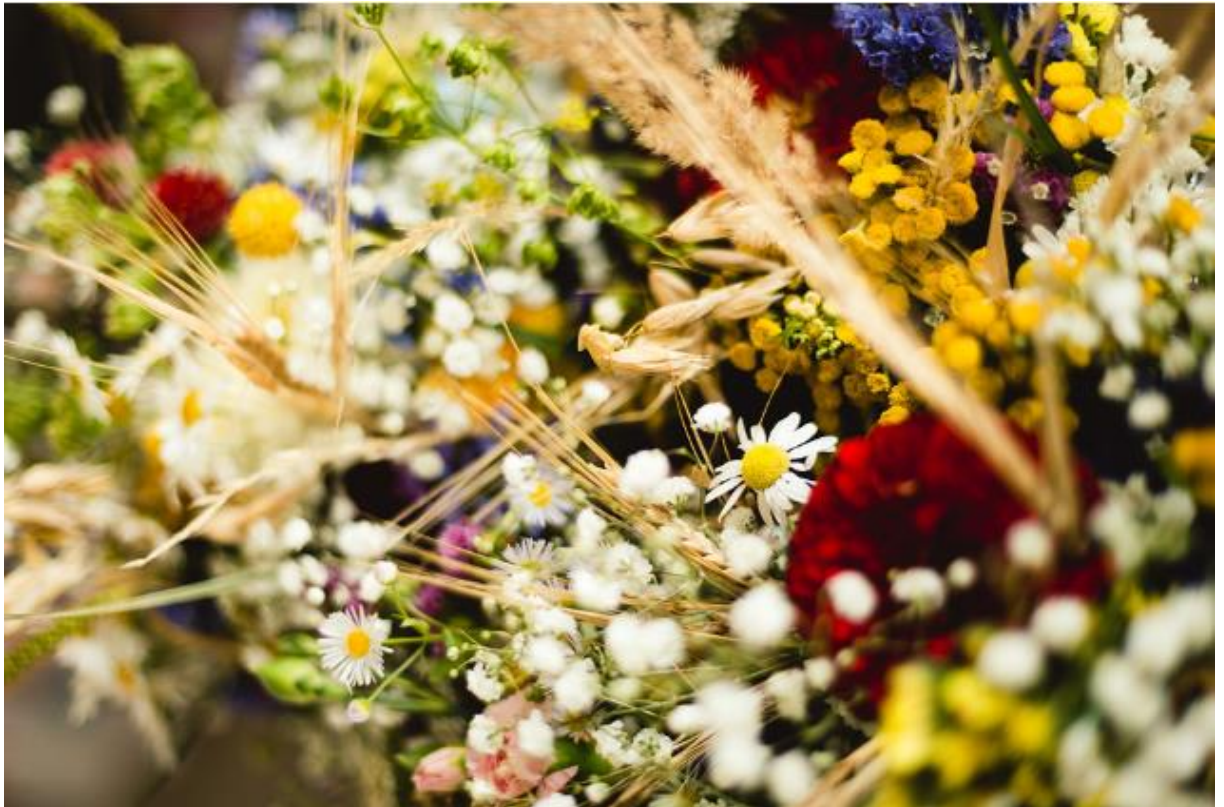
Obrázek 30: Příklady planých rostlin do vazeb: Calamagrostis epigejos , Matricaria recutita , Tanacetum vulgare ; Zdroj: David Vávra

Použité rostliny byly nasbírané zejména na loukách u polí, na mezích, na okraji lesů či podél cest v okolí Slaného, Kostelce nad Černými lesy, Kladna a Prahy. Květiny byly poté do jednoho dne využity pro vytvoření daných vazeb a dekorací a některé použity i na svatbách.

• • • • •

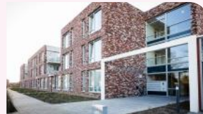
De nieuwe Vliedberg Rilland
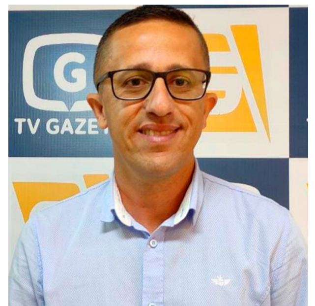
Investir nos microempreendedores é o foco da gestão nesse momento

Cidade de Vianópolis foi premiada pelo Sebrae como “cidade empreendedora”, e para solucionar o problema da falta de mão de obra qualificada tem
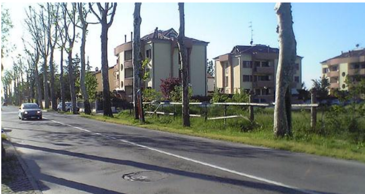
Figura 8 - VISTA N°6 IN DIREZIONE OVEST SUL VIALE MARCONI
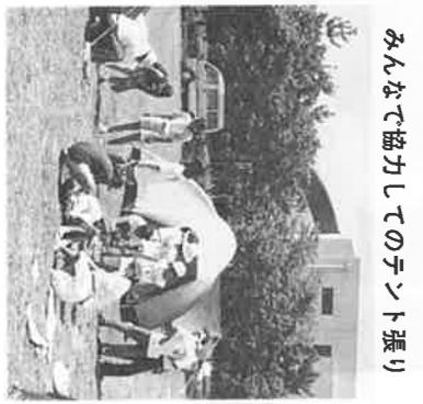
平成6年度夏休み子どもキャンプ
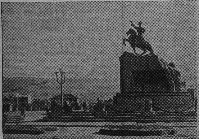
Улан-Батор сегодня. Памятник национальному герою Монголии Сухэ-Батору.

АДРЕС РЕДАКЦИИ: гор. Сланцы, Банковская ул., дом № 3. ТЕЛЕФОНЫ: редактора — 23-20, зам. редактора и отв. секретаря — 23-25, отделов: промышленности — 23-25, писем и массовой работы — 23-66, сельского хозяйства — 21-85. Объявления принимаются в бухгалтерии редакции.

• • • • •

TASK TO COMPLETE
Would you print exactly and only the lines of the material above that run from the line with "Obrázek 30: Příklady" through the line with "Použité rostliny byly", both included?

WRITTEN REPLY
Obrázek 30: Příklady planých rostlin do vazeb: Calamagrostis epigejos , Matricaria recutita , Tanacetum vulgare ; Zdroj: David Vávra

Použité rostliny byly nasbírané zejména na loukách u polí, na mezích, na okraji lesů či podél cest v okolí Slaného, Kostelce nad Černými lesy, Kladna a Prahy. Květiny byly poté do jednoho dne využity pro vytvoření daných vazeb a dekorací a některé použity i na svatbách.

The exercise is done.